At the northernmost point of Mallorca Alcudia was founded by the Phoenicians and is believed to be the most ancient settlement in the Balearic Islands. It boasts a picturesque old town featuring a myriad of narrow, pedestrianised streets. By contrast Puerto Alcudia was largely developed in the 1980s and provides many hotels alongside a wealth of facilities for holidaymakers along the length of its sweeping stretch of fine sandy beach which covers 14km to the resort of Can Picafort. This area tends to be popular with the British market looking for holiday homes, due to the excellent range of facilities including golf courses, water sports and cycling routes.
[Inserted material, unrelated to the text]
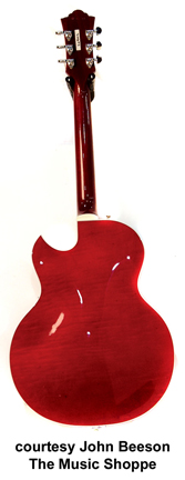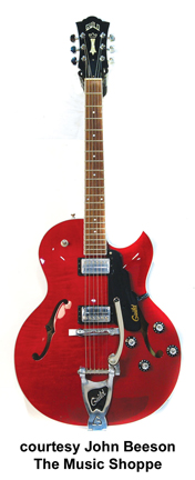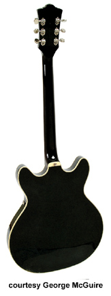 STARFIRE VI | - similar to Starfire IV, except has bound f-holes, ebony fingerboard with pearl block/abalone wedge inlay, Guild Bigsby vibrato, bound peghead with pearl shield/logo inlay, gold hardware, master volume control, available in Cherry Red, Ebony, Emerald Green, or Honey Amber finishes, mfg. 1963-1979. |

There has, however, been a recent surge in demand for property in this region from the Spanish market. As we journey down the east coast of Mallorca, we see a number of more established holiday resorts such as Cala Ratjada and Cala Millor in the northeast and Porto Colom, Cala D’Or and S’Arenal to the south.

Idyllic Coves & Rugged Coastline

The stunning harbour town of Porto Cristo on Mallorca’s East Coast is steeped in history. It somehow manages to combine a thriving fishing and tourism industry with a glorious blue flag beach and plays host to the magnificent caves of Drach.
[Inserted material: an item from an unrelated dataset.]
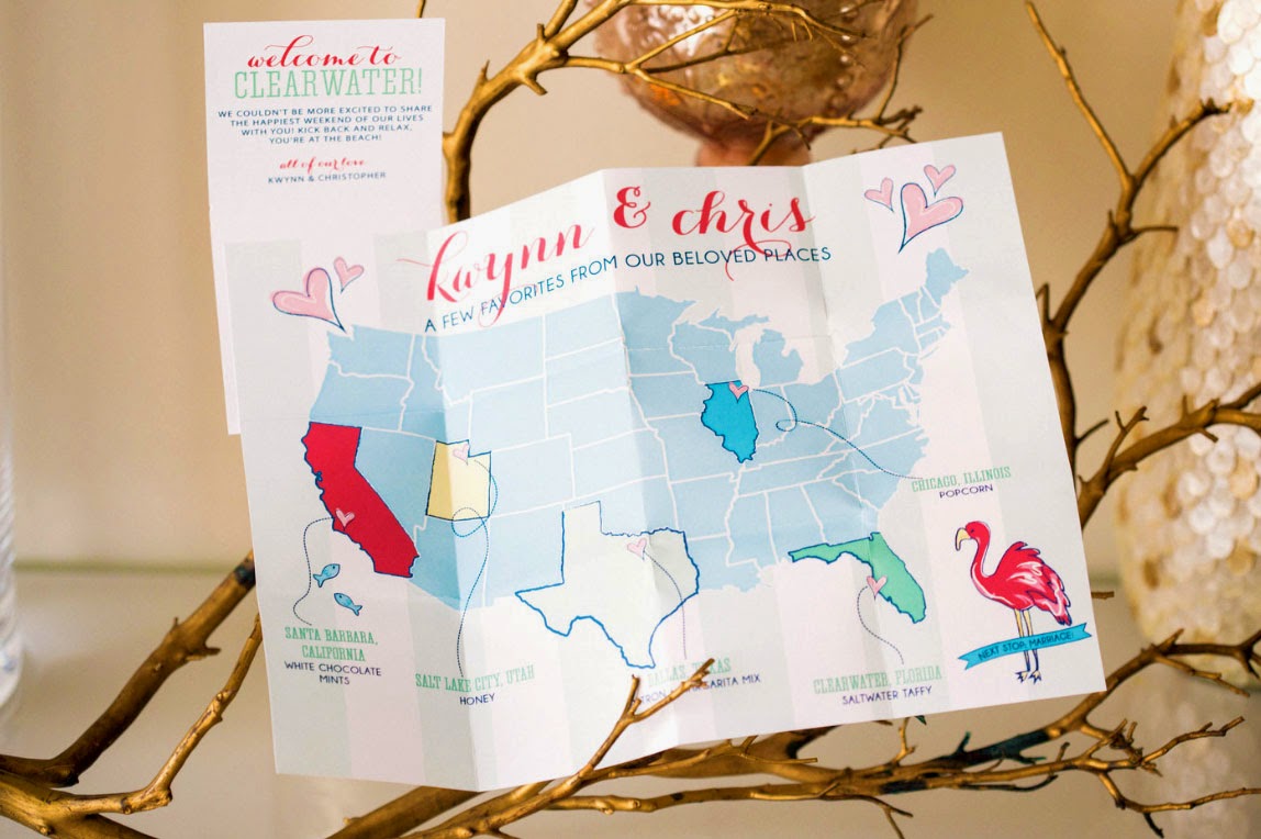Besides being one of the nicest couple’s we’ve ever worked with, Kwynn and Chris also happened to be one of the most creative…which we let shine through in their welcome box design. Both K&C appreciate all things preppy, and wanted the beachy feeling of their wedding destination (Clearwater, FL) to shine through. So we helped them create a custom Lily-inspired wedding pattern, which was the main design element of their welcome boxes!! Their pattern included bright colors, tropical elements (such as flamingos, seahorses, and coral), as well as their monogram and wedding date. All together it looked fabulous!! Check out pictures of the goodies inside their welcome box, below!

Properties in coastal areas of Mallorca will inevitably be higher priced, however, moving inland to places such as Arta or Santanyi, will give better value for money whilst remaining accessible to the tourist attractions. Arta and Capdepera in the north-east offer a taste of the real Mallorca alongside excellent transport links to the town of Manacor. Property in these regions is enjoying increasing demand from foreign investors due to affordability and location. Close to several beaches and golf courses. Arta, with its Medieval fortress and its smaller neighbour Capdepera both feature a wide range of large-scale restoration projects and property for renovation, as well as turnkey luxury villas.

Rural Santanyi is famed for its rustic charm, art galleries and twice weekly market, as well as its proximity to some of the best beaches on the island. There are a variety of properties in this region, including some of the most exciting development projects. All things considered It is probably rural Mallorca that offers the most authentic, affordable experience in island living. The southwestern municipalities of Santa Maria with its popular Sunday market, the colourful commercial town of Inca with its quirky restaurants and the vineyards of and Binissalem are further options to be explored when considering the purchase of a new home on this sun-drenched Mediterranean island.

Mallorca, A Real Jewel of the Mediterranean.